Tessile in ginocchio, servono aiuti dallo Stato
di Nirmala Carvalho
Boom economico e concorrenza cinese hanno acuito la crisi di un settore tradizionale dell’economia del Paese. Casi di suicidio fra i lavoratori ormai ridotti sul lastrico.

New Delhi (AsiaNews) – Boom economico e concorrenza straniera, in particolare dalla Cina, hanno messo in crisi il comparto tessile indiano: per capire quali possano essere gli sviluppi del settore, lo scorso 23 luglio il Comitato popolare di vigilanza per i diritti umani (PVCHR), insieme a diverse organizzazioni non governative e alla Commissione asiatica per i diritti umani (AHRC), hanno organizzato un convengo a Lucknow (nell’Uttar Pradesh), che aveva per tema “gli artigiani e i lavoratori del tessile nell’era della globalizzazione”. Un settore fondamentale anche per il padre della nazione, Mahatma Gandhi, che vedeva nel tessile il modo più logico per la popolazione di acquisire una indipendenza economica; egli cuciva da sé gli abiti che poi indossava, per protestare pubblicamente contro il controllo deI colonizzatori britannici sull’industria tessile indiana.

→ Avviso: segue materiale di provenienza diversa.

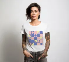 Motivo di piastrelle colorate, ispirato al design moderno e minimale e allo stile Memphis.
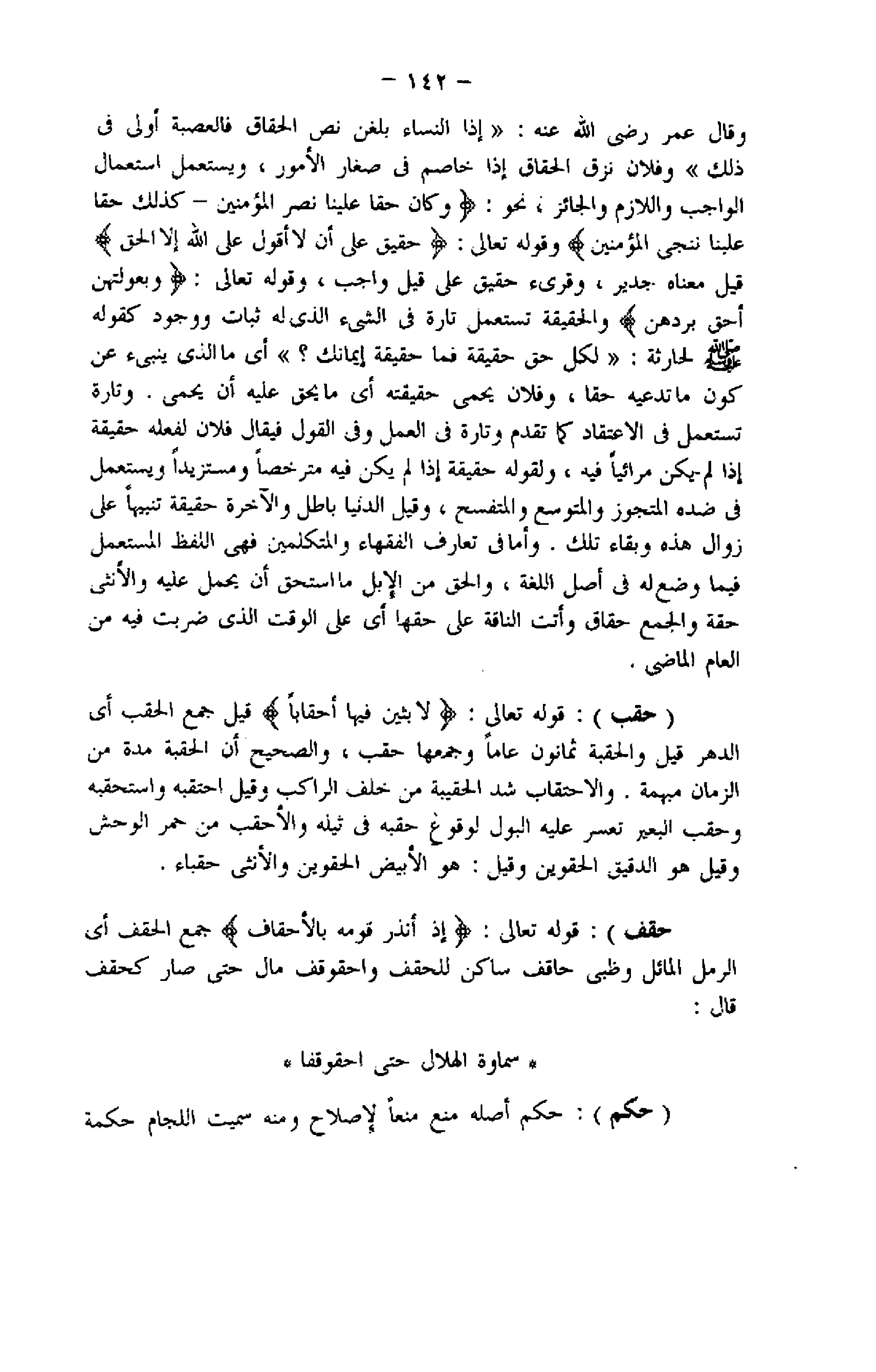 أي ما الذي ينبىء عن كون ما تدعيه حقا، وفلان يحمى حقيقته أي ما يحق عليه أن يحمى. وتارة تستعمل فى الاعتقاد كما تقدم وتارة فى العمل وفى القول فيقال فلان لفعله حقيقة إذا لم يكن مرائيا فيه، ولقوله حقيقة إذا لم يكن فيه مترخصا ومستزيدا ويستعمل فى ضده المتجوز والمتوسع والمتفسح، وقيل الدنيا باطل والآخرة حقيقة تنبيها على زوال هذه وبقاء تلك. وأما فى تعارف الفقهاء والمتكلمين فهى اللفظ المستعمل فيما وضع له فى أصل اللغة، والحق من الإبل ما استحق أن يحمل عليه والأنثى حقة والجمع حقاق وأتت الناقة على حقها أي على الوقت الذي ضربت فيه من العام الماضي.
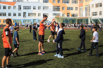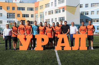 Прошла она 1 сентября 2016 года, в новой школе Академического. 200 учеников 3-5 классов сыграли против 11 игроков "Урала".
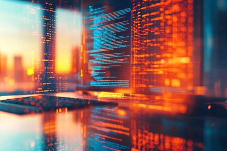 Double exposure of office space with digital code and holographic elements in vibrant gradient light
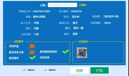 為了幫助煎藥中心滿足這些個性化的服務(wù)需求,同時也規(guī)范打包人員的操作,減少出錯率,系統(tǒng)推出全新的電腦端打包功能,可按照不同醫(yī)療機構(gòu)的要求提示打包人員。系統(tǒng)還結(jié)合高拍儀,拍照記錄成品藥液和另包藥品,一旦患者投訴則有據(jù)可查。
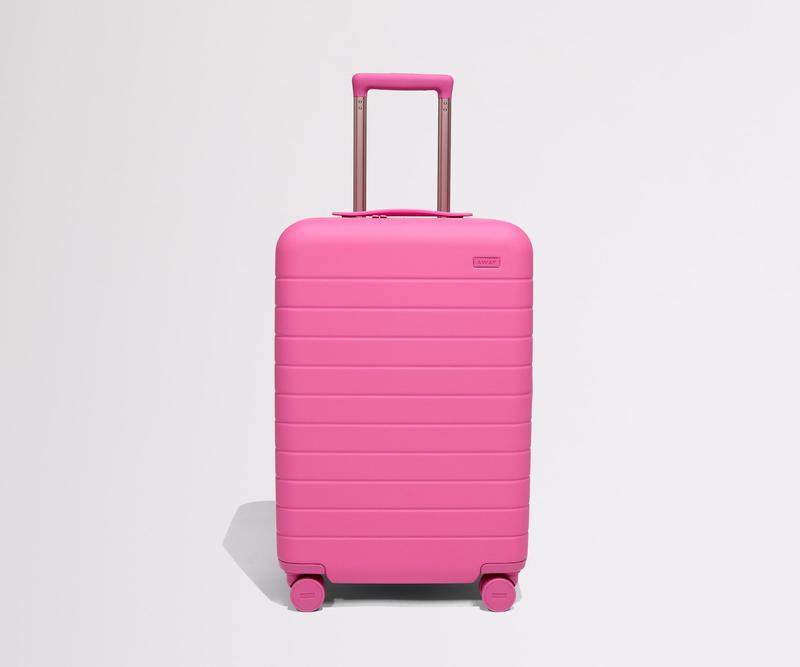 Omg I’m in LOVE with this color. Away bags are the best. It even comes with a pink storage/laundry bag and a pink luggage tag. Please use this color on other sizes! (I want a medium flex in this color too!)

Lenin Raghuvanshi, dirigente del PVCHR – organizzazione con sede a Varanasi – e vincitore nel 2007 del premio Gwangju per i diritti umani afferma che la consultazione è stata organizzata per “focalizzare l’attenzione sulle condizioni di estrema povertà dei tessitori di Varanasi”, secondi per forza lavoro solo agli occupanti del settore agricolo. Nella città sacra per gli induisti ci sono “oltre 200mila tessitori, ma meno di 55mila hanno un lavoro, mentre gli altri sono attualmente senza occupazione fissa”. L’alto tasso di disoccupazione è acuito dal fatto che i lavoratori del tessile appartengono alle caste più deboli del Paese o provengono dalla comunità musulmana e sono emarginati dal contesto socio-economico. L’analfabetismo diffuso e l’apatia del Governo che non prende alcun provvedimento a sostegno del settore e dei suoi occupanti non fanno che aggravare il problema”.

Negli ultimi tre anni a Varanasi oltre 50 fra adulti e bambini provenienti da famiglie del tessile sono morti per malnutrizione, mentre altri hanno abbandonato la professione adattandosi ai lavori più disparate: guidare i risciò, vendere verdure o, alla peggio, chiedere la carità. Una crisi sociale in continuo aumento: il 70% degli appartenenti ai nuclei familiari non ha cibo a sufficienza per sfamarsi, malattie come la tubercolosi crescono a ritmi vertiginosi e i genitori non hanno soldi per permettersi cure mediche per sé e per i figli.

Il mercato globale e la concorrenza dei prodotti cinesi hanno avuto effetti devastanti per il tessile indiano, portando alla chiusura di circa l’80% delle manifatture tessili. A Varanasi oltre 100mila indiani musulmani hanno perso il lavoro e il senso crescente di disperazione e abbandono hanno fatto impennare il numero dei suicidi. “Una parte del Paese – conclude Lenin Raghuvanshi – cavalca l’onda del boom economico, mentre sull’altra sponda milioni di artigiani, operai e contadini sono rilegati ai margini della società. Bisogna trovare rimedi urgenti ed efficaci per far fronte alla situazione”.